:: Records for the task ::
···

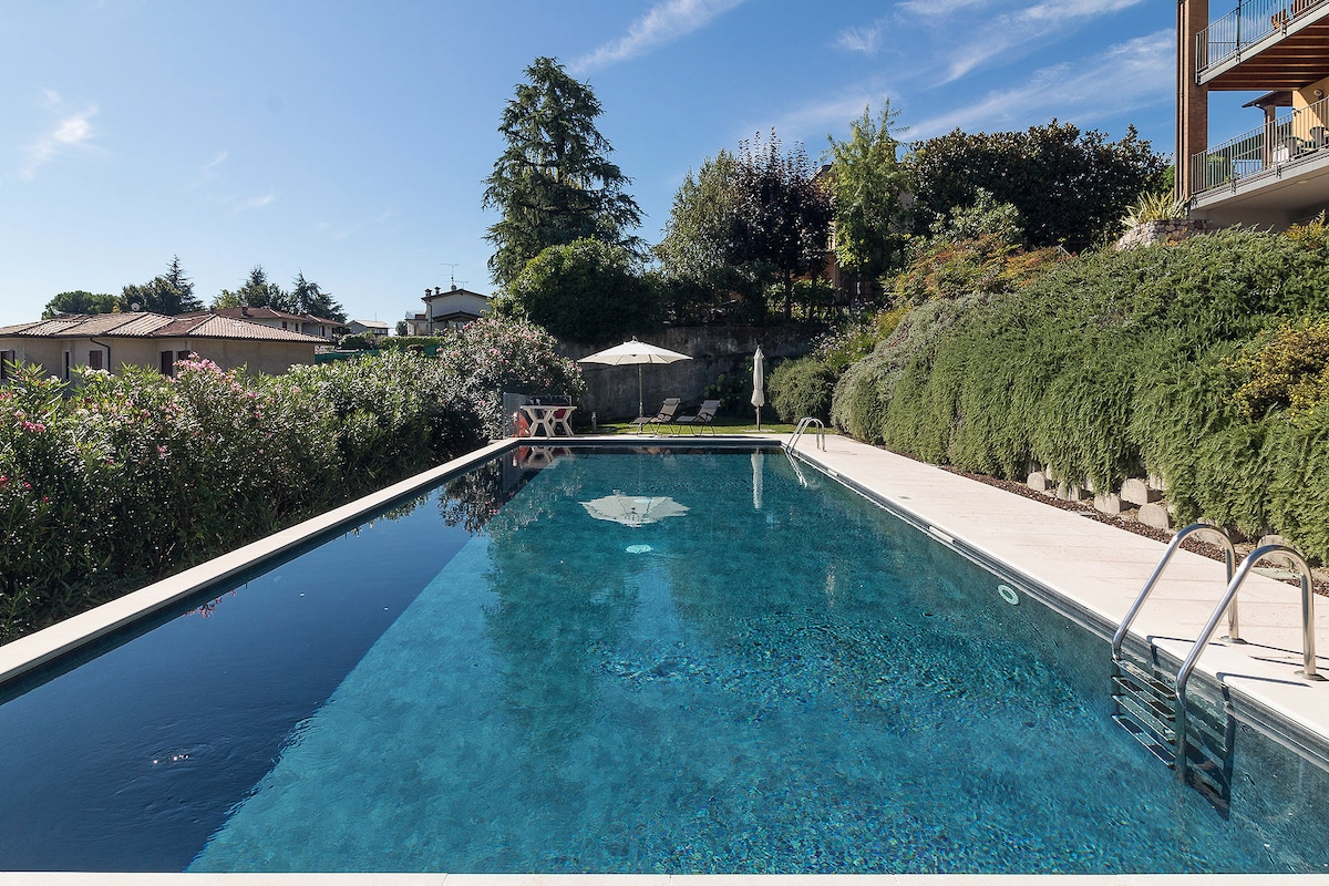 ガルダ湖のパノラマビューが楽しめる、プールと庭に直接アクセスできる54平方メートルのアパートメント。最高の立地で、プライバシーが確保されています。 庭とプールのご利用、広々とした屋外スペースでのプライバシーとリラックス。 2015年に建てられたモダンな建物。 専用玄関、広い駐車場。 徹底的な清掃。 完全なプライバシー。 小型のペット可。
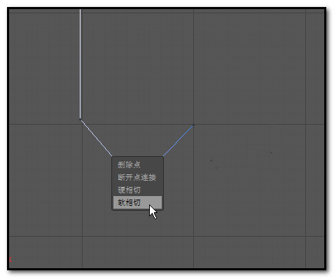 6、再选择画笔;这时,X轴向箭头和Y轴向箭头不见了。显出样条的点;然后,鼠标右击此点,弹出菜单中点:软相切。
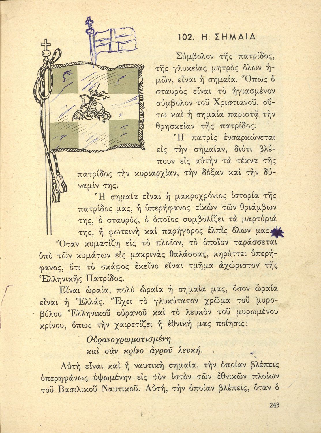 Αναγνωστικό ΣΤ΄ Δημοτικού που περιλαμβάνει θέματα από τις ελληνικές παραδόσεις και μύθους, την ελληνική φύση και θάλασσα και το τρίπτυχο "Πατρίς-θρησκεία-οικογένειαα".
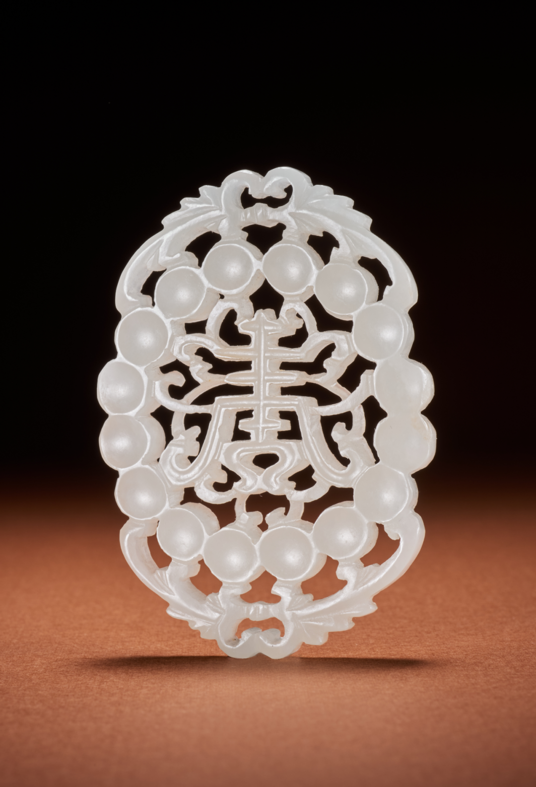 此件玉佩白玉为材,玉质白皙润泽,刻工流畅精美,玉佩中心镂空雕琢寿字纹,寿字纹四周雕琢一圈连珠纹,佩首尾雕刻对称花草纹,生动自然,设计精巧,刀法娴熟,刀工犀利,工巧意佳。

···

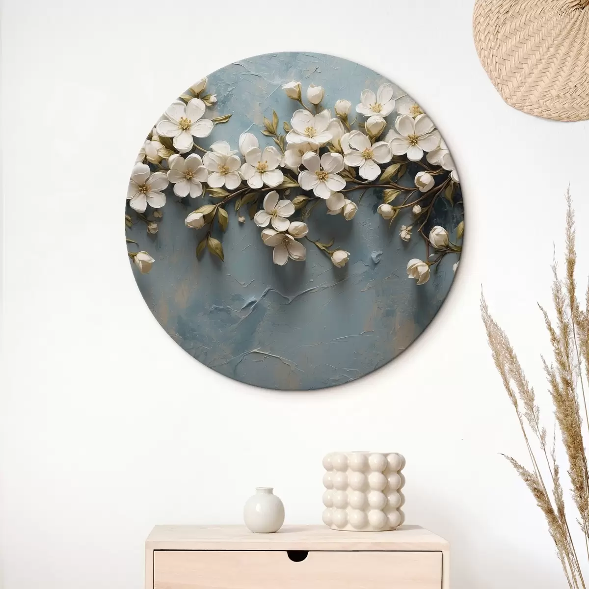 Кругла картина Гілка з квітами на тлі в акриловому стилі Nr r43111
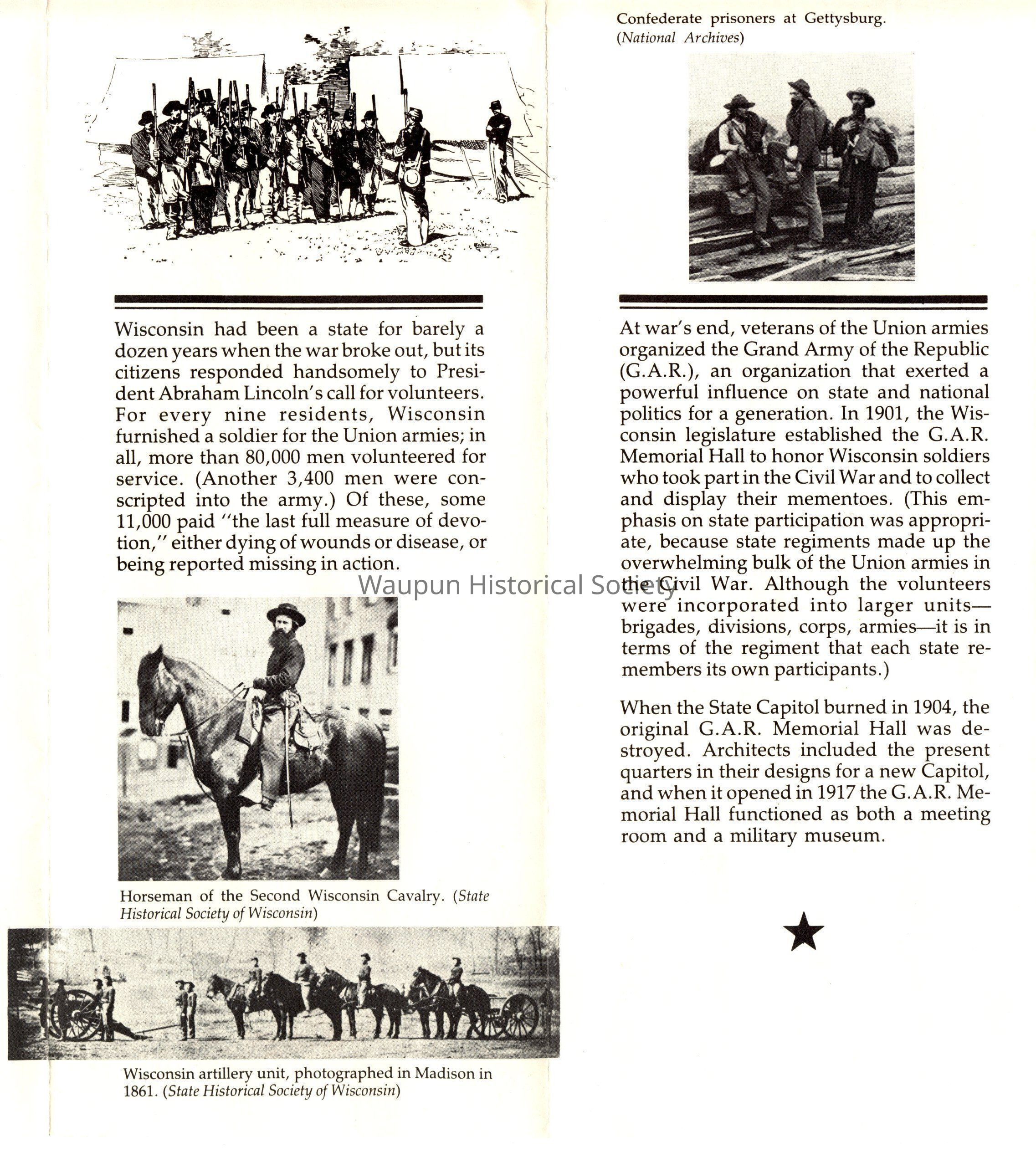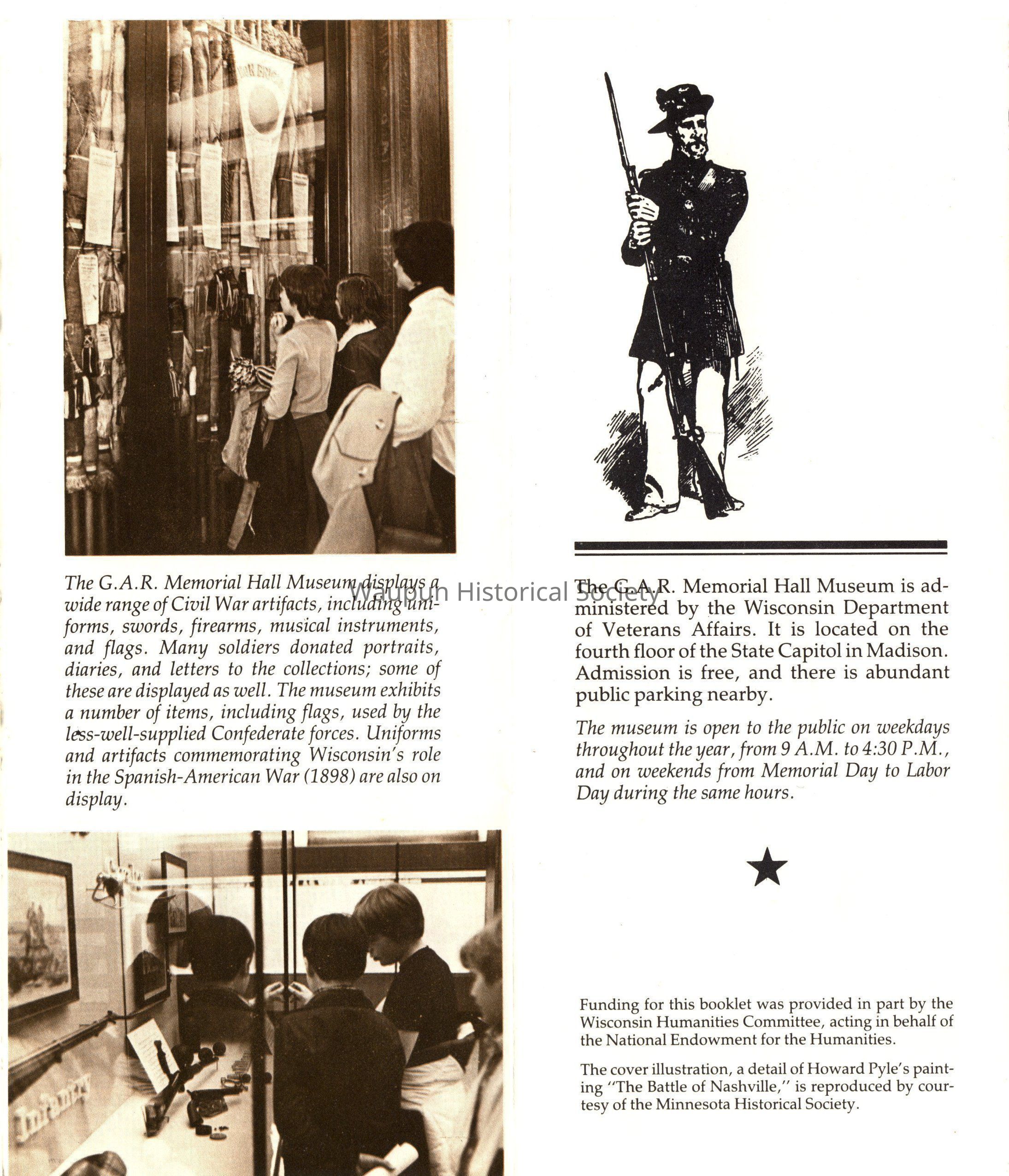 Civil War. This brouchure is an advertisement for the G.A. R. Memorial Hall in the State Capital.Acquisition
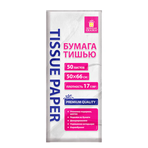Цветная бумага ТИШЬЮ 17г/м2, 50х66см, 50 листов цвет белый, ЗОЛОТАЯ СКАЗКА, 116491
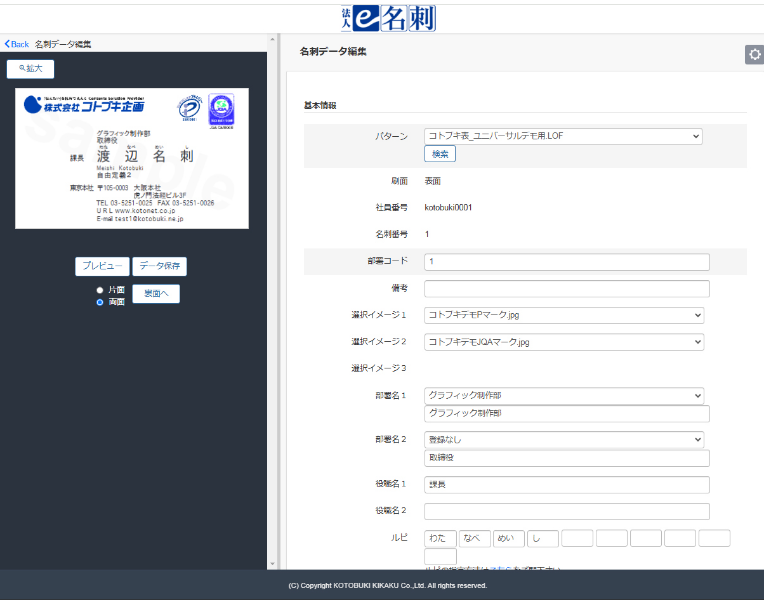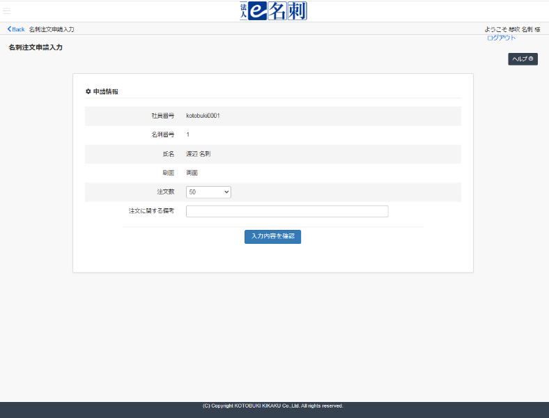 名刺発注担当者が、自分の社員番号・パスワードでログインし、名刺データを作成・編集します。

···

:: Instructions for the task ::
Using the data above, output the line that has "徹底的な清掃。 完全なプライバシー。 小型のペット可。", the line that has "此件玉佩白玉为材,玉质白皙润", and whatever lines fall between, each exactly as it stands and without pictures.

:: Response to this exercise ::
 ガルダ湖のパノラマビューが楽しめる、プールと庭に直接アクセスできる54平方メートルのアパートメント。最高の立地で、プライバシーが確保されています。 庭とプールのご利用、広々とした屋外スペースでのプライバシーとリラックス。 2015年に建てられたモダンな建物。 専用玄関、広い駐車場。 徹底的な清掃。 完全なプライバシー。 小型のペット可。
 6、再选择画笔;这时,X轴向箭头和Y轴向箭头不见了。显出样条的点;然后,鼠标右击此点,弹出菜单中点:软相切。
 Αναγνωστικό ΣΤ΄ Δημοτικού που περιλαμβάνει θέματα από τις ελληνικές παραδόσεις και μύθους, την ελληνική φύση και θάλασσα και το τρίπτυχο "Πατρίς-θρησκεία-οικογένειαα".
 此件玉佩白玉为材,玉质白皙润泽,刻工流畅精美,玉佩中心镂空雕琢寿字纹,寿字纹四周雕琢一圈连珠纹,佩首尾雕刻对称花草纹,生动自然,设计精巧,刀法娴熟,刀工犀利,工巧意佳。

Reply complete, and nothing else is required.